Design of a distribution protocol and administration of keys

Person in charge: Dr. Roberto Gómez Cárdenas

The computer security has stopped being preoccupation of great public and/or private organisms. The medium and small organizations, as well as the individuals look for to count on the confidence enough to be able to surely make electronic transactions of which its information is not in any danger. One of the main tools to offer confidence to everybody is the cryptography, which is derived from the cryptology.
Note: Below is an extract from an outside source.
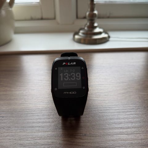 Polar M400 pulsklokke i svart. Klokken har rektangulær skjerm og gummirem med tradisjonell spenne. Modellen er egnet til trening og aktivitetssporing, og bæres som en unisex sportsklokke på håndleddet.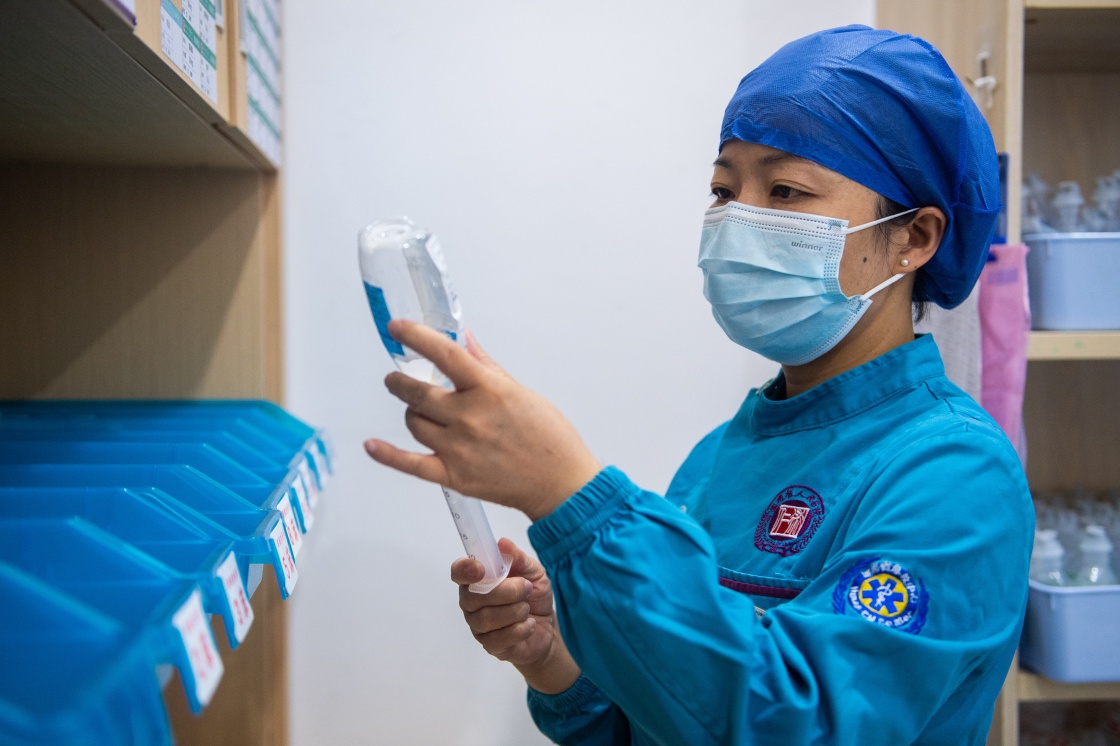 在湖南省人民醫(yī)院ICU病房治療室,徐芙蓉在配藥(2022年9月9日攝)。新華社記者 陳思汗 攝

All the modern cryptographic methods are based on the key concept. The key is the used element to cipher/decipher messages. Depending on the handling, and the number of keys used in the messages, the modern cryptography is divided in symmetrical and asymmetric. In the symmetrical cryptography the coding key is the same that the decoding one, the key must remain secret and the emitter and the receiver has been agreed previously or there is a center of distribution of keys. The asymmetric methods are characterized because the coding key is different from decoding one. In most of the cases, the coding key is known by the public, whereas the decoding key it is only known by the user. The symmetrical methods are own of the classic cryptography or cryptography of secret key whereas the asymmetric methods correspond to the cryptography of the public key, introduced by Diffie and Hellman in 1976.

The symmetrical algorithms are better and offer almost perfect confidentiality. Nevertheless each organization must assure to the other part that will maintain the key in secret. In many of the cases there is an administrator in charge of the generation, allocation and storage of the keys. This last aspect is relatively easy to implement when it is a reduced number of users, but when we are speaking of great amount of users, like hundreds, the scene changes and the difficulties increase. The objective of this project is to contribute to this area of the knowledge.

The symmetrical cryptography presents like main disadvantages, the one of the distribution of keys, the users must select a key secretly before beginning to communicate. Another problem to solve is the handling of keys, in a network of n users each pair must have its particular secret key, i.e. n(n-1)/2 keys.

The perfect security does not exist, there is only the practical security; reason why a key is somehow exposed whenever it is used. It is necessary to use keys different to different aims and to equip with different keys to different clients or groups of clients. Also it is required to annul the keys used by clients whose privileges have finished.

The primary target is to count on an algorithm of distribution and administration of keys that can cover the deficiencies of the algorithms at the moment. The end item will be the implementation of this algorithm.